A student is running at her top speed of 4.6 m/s to catch a bus, which is stopped at the bus stop. When the student is still a distance 38.9 m from the bus, it starts to pull away, moving with a constant acceleration of 0.177 m/s^2.
A) For how much time does the student have to run at 4.6 m/s before she overtakes the bus?
B) For what distance does the student have to run at 4.6 m/s before she overtakes the bus?
C) When she reaches the bus, how fast is the bus traveling?
D) What is the minimum speed the student must have to just catch up with the bus?
E) For what time does she have to run in that case?
F) For what distance does she have to run in that case?
distance the student runs=38.9+4.6t
distance the bus goes=1/2 a t^2
in the same time, the respective distances are equal. Set them equal, and solve for time.
Can I use the same equations to solve for the distance in part B?

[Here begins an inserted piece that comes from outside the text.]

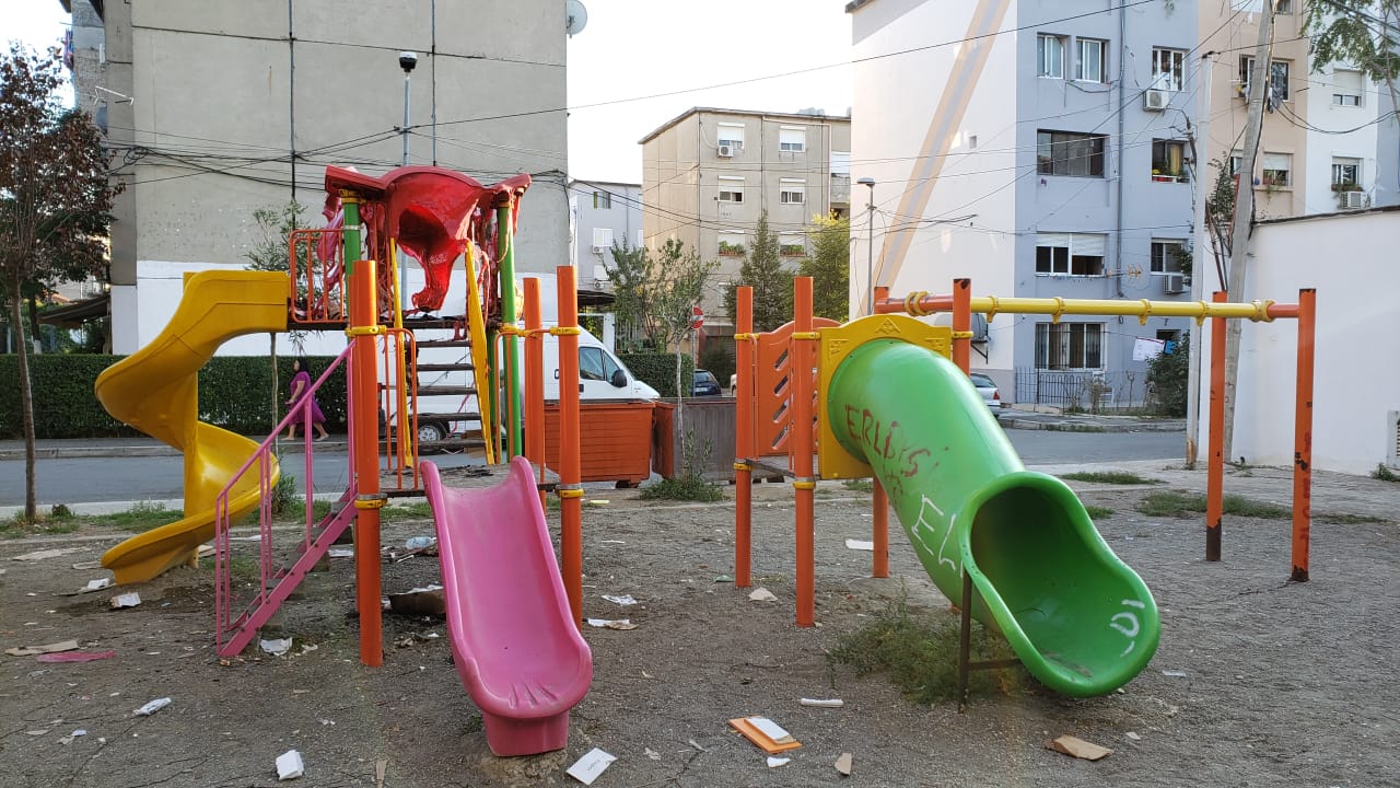 Sikurse mund të shihni edhe nga kjo foto, zjarrvënia ka qenë e qëllimshme, pasi  dëmet janë vërtet të mëdha. Madje, nuk mungojnë edhe plehrat e hedhura qëllimisht. Që me ardhjen në krye të Bashkisë së Tiranës,  Erion Veliaj nisi një fushatë të ndërtimit të këndeve të lojërave dhe kënde sportive në çdo lagje.

To solve these problems, we need to use kinematic equations that relate variables such as distance, speed, time, and acceleration. Let's go through each question step by step.

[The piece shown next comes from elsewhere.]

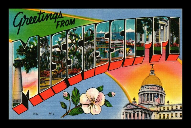 Title (ebay affiliate link): DR JIM STAMPS US GREETINGS FROM MISSISSIPPI BIG LETTERS LINEN TOPICAL POSTCARD

A) For how much time does the student have to run at 4.6 m/s before she overtakes the bus?
To find the time, we can use the equation: distance = speed × time. Rearranging the equation, we have:
distance = speed × time
time = distance / speed
Plugging in the values, we have:
time = 38.9 m / 4.6 m/s
Calculating this, we get:
time = 8.46 seconds
Therefore, the student has to run for approximately 8.46 seconds before she overtakes the bus.

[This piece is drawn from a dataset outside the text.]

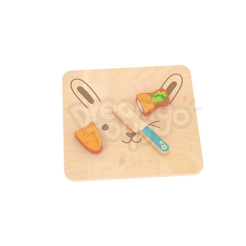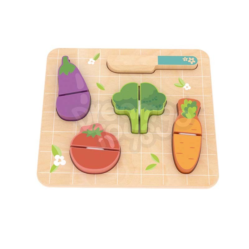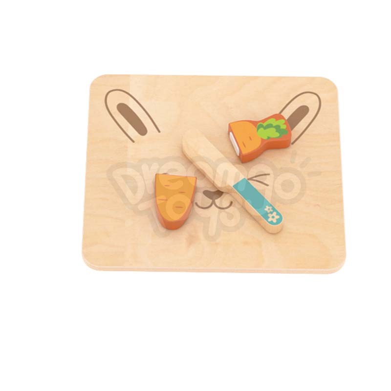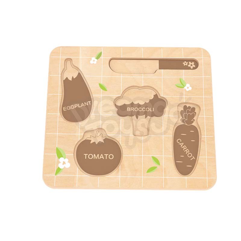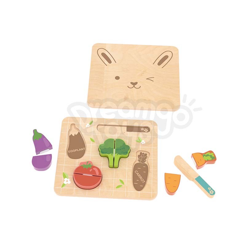 This educational cutting set includes 4 colorful wooden vegetables (eggplant, carrot, broccoli, tomato) and a wooden knife. The reversible board serves as both puzzle base and cutting board. Children develop fine motor skills by cutting the Velcro-connected pieces. Sized 20×18×1.5cm for toddlers 24+ months, meeting EU/US safety standards.

B) For what distance does the student have to run at 4.6 m/s before she overtakes the bus?
We can use the same equation as in part A to find the distance. Rearranging the equation, we have:
distance = speed × time
Plugging in the values, we have:
distance = 4.6 m/s × 8.46 seconds
Calculating this, we get:
distance = 38.76 meters
Therefore, the student has to run approximately 38.76 meters before she overtakes the bus.
C) When she reaches the bus, how fast is the bus traveling?
To find the speed of the bus, we need to use the equation of motion that relates final velocity, initial velocity, acceleration, and time:
final velocity = initial velocity + (acceleration × time)
In this case, the bus starts from rest (initial velocity = 0), and the student has been running for 8.46 seconds at a constant speed of 4.6 m/s. The acceleration of the bus is given as 0.177 m/s².
Plugging in the values, we have:
final velocity = 0 + (0.177 m/s² × 8.46 seconds)
Calculating this, we get:
final velocity = 1.4962 m/s
Therefore, when the student reaches the bus, the bus is traveling approximately 1.4962 m/s.
D) What is the minimum speed the student must have to just catch up with the bus?
To determine the minimum speed needed by the student to just catch up with the bus, we need to consider the relative motion between the student and the bus.
Since the student is initially 38.9 meters away from the bus and starts running at her top speed of 4.6 m/s, the minimum speed required by the student is the same as the speed of the bus when the student catches up.
Therefore, the minimum speed the student must have to just catch up with the bus is 1.4962 m/s (as calculated in part C).
E) For what time does she have to run in that case?
In this case, the time required for the student to catch up to the bus is the same as the time taken by the bus to cover the initial distance of 38.9 meters. We can use the equation of motion:
distance = initial velocity × time + (0.5 × acceleration × time^2)
Since the bus starts from rest (initial velocity = 0) and the acceleration of the bus is given as 0.177 m/s², we can solve for time using the above equation.
Plugging in the values, we have:
38.9 meters = 0 × time + (0.5 × 0.177 m/s² × time^2)
This equation is a quadratic equation. Solving it, we find two possible solutions: time = 0 seconds (not applicable in this context) and time = 15.169 seconds.
Therefore, in this case, the student has to run for approximately 15.169 seconds.
F) For what distance does she have to run in that case?
In this case, the distance covered by the student before she catches up to the bus is the same as the initial distance between them, which is 38.9 meters (as given in the problem). Hence, the student has to run for approximately 38.9 meters in this case.